Welcome to the Skywork-R1V repository! Here, you'll find a series of state-of-the-art multimodal reasoning models with powerful agentic capabilities. From open-source versions with model weights and inference code to our latest closed-source offerings, the Skywork-R1V series delivers exceptional performance across vision understanding, code execution, and deep research tasks.
💥 November 18, 2025: We released Skywork-R1V4-Lite, a lightweight and ultra-fast closed-source multimodal reasoning model that achieves exceptional image understanding capabilities through code execution tools. R1V4-Lite features blazing-fast inference speed and can be integrated with search tools to enable deep research capabilities. Available now on Skywork Platform, and coming soon to OpenRouter—stay tuned!

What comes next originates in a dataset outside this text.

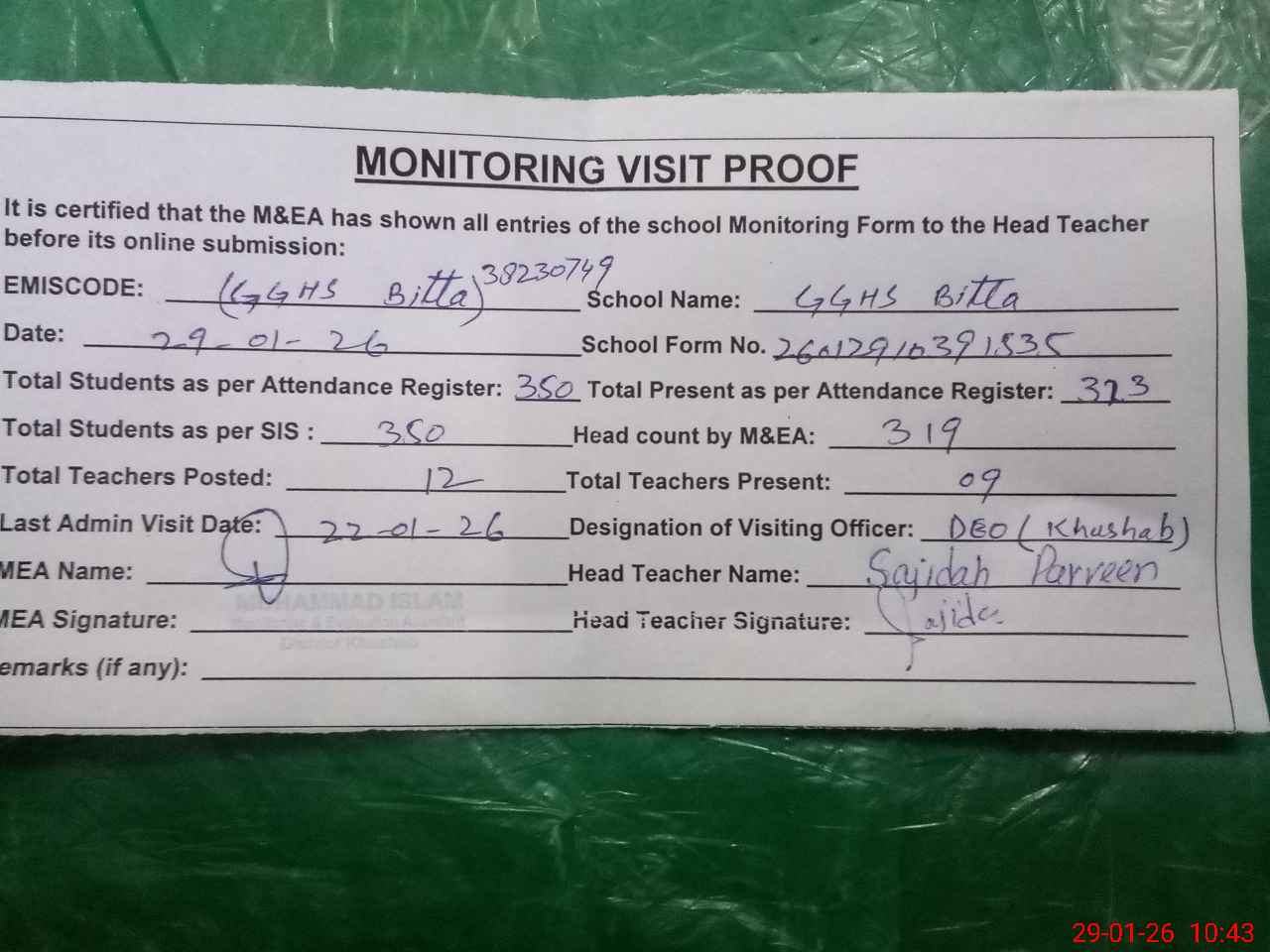 | Remarks (Use Separate Page if Required): DEO visited school on 22 January 2025 students strength on sis 350 2 classes sitting under shade as they have no class rooms | |||||
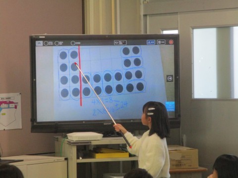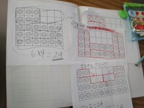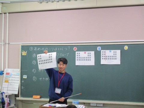 「かけ算」を使って様々な方法で問題を解決しています。教育実習生が授業を行っています。

July 15, 2025: We've released quantized versions of Skywork-R1V3 for efficient inference:
- AWQ Quantization: 🤗 Skywork-R1V3-38B-AWQ -- Supports single-GPU inference (VRAM ≥ 30GB).
- GGUF Quantization (4-bit & 8-bit): 🤗 Skywork-R1V3-38B-GGUF -- Optimized for CPU-based inference.
July 9, 2025: We released Skywork-R1V3-38B [🤗 Skywork-R1V3-38B], the latest and most powerful open-source multimodal reasoning model in the Skywork series, pushing the boundaries of multimodal and cross-disciplinary intelligence. Mainly through RL algorithm in post-training, R1V3 significantly enhances multimodal reasoning ablity and achieves open-source state-of-the-art (SOTA) performance across multiple multimodal reasoning benchmarks, e.g. 76.0 on MMMU.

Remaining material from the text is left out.